2016-05-02

PHP DateTime: Mind the exclamation mark

A software I am currently working on manages employee schedules. Employees can request certain shifts and once a month a shift schedule is generated which tries to fulfill those requests. As soon as a plan is published, requests for that month should obviously no longer be accepted.

On the 31st of March (mind the date, it will become important later on), I received a strange error description from a customer using the software: Users complained that they could not enter their preferences for May, but they could enter preferences for the already published month of April. They said that this error had not been there the day before and they had not worked on the plans. Similarly, I knew that we did not deploy a new software release in the last 24 hours. So what was going on?

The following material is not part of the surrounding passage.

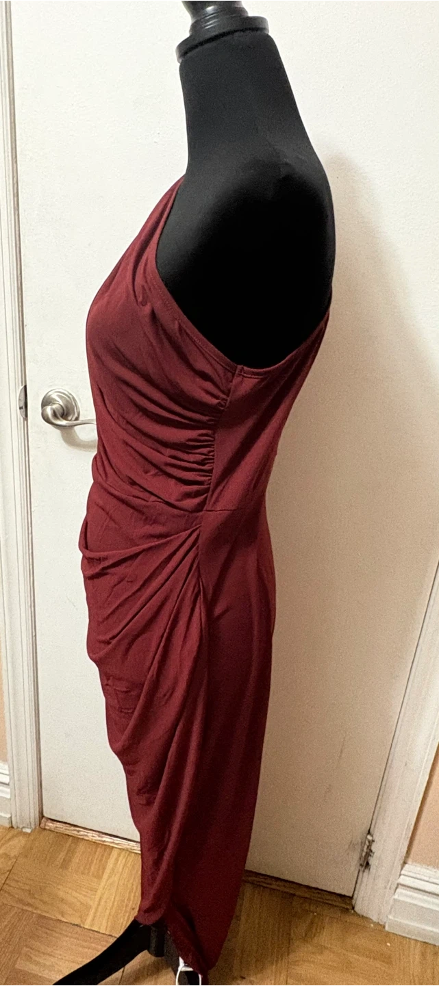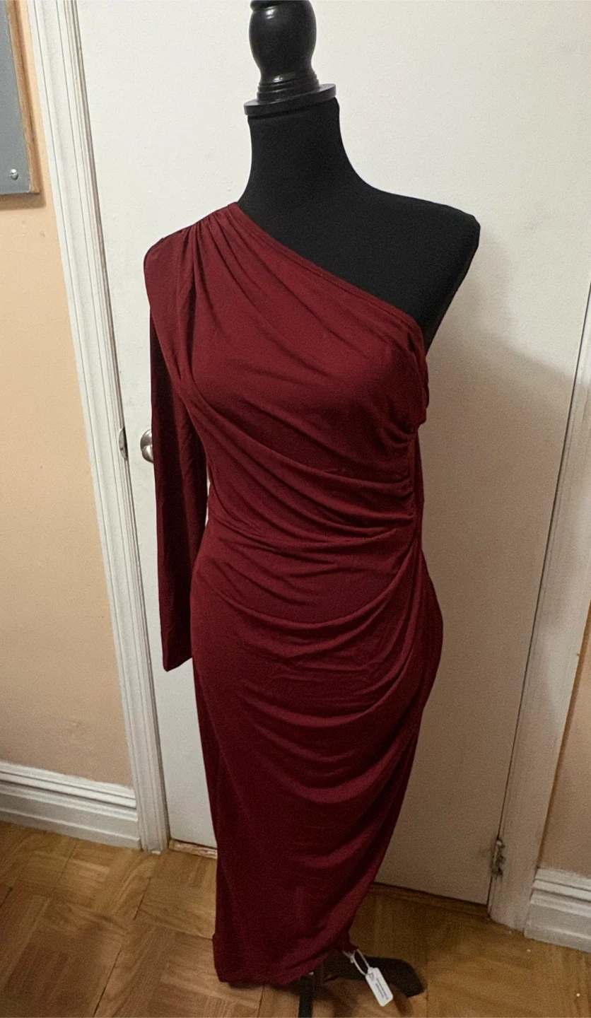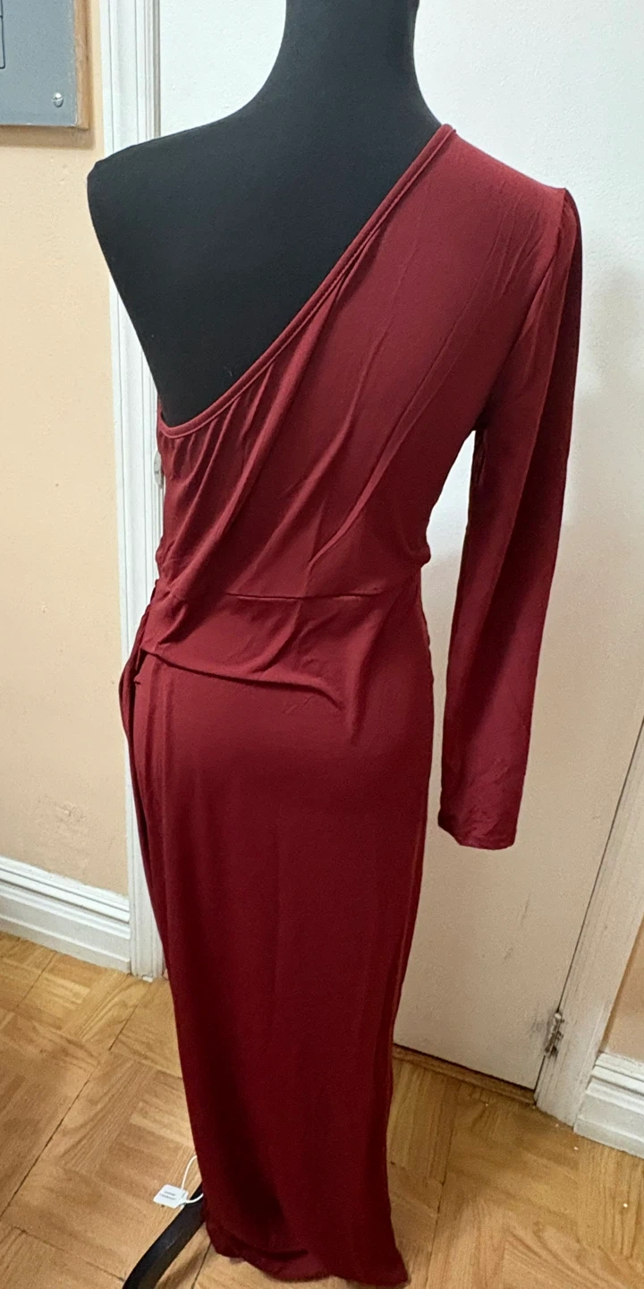 SHEIN One-Shoulder Ruched Maxi Dress Burgundy Size L

After a bit of debugging, I stumbled upon the piece of code that calculates which months are published and which are not. It takes an array of month/year strings in the format "2015-01" for months which have a published plan and transforms it into an array of DateTime objects, which represent the first day of each month with a published plan. This is then passed to the GUI so it can decide whether users can enter preferences for a certain month. Here is a simplified version of that function:

public function getPublishedStatePerMonth(array $publishedMonths) {
    return array_map(function ($element) {
        return \DateTime::createFromFormat("Y-m", $element);
    }, $publishedMonths);
}

Seems innocent enough: We just take a string like "2016-04" and parse it to a DateTime which should then contain "2016-04-01 00:00:00". However, there is a little quirk to how this function handles dates: When you do not specify an exclamation mark in your format string, PHP only reads the values which are present in the format string and takes the current date and time for all other values. So, on 31 March the string "2016-04" was passed into the function. PHP created a DateTime object for "2016-04-31" and because April has only 30 days, this was converted to "2016-05-01". The GUI therefore believed that the plan for May had already been published, whereas there was no entry for April, so users could enter preferences for April, but not for May.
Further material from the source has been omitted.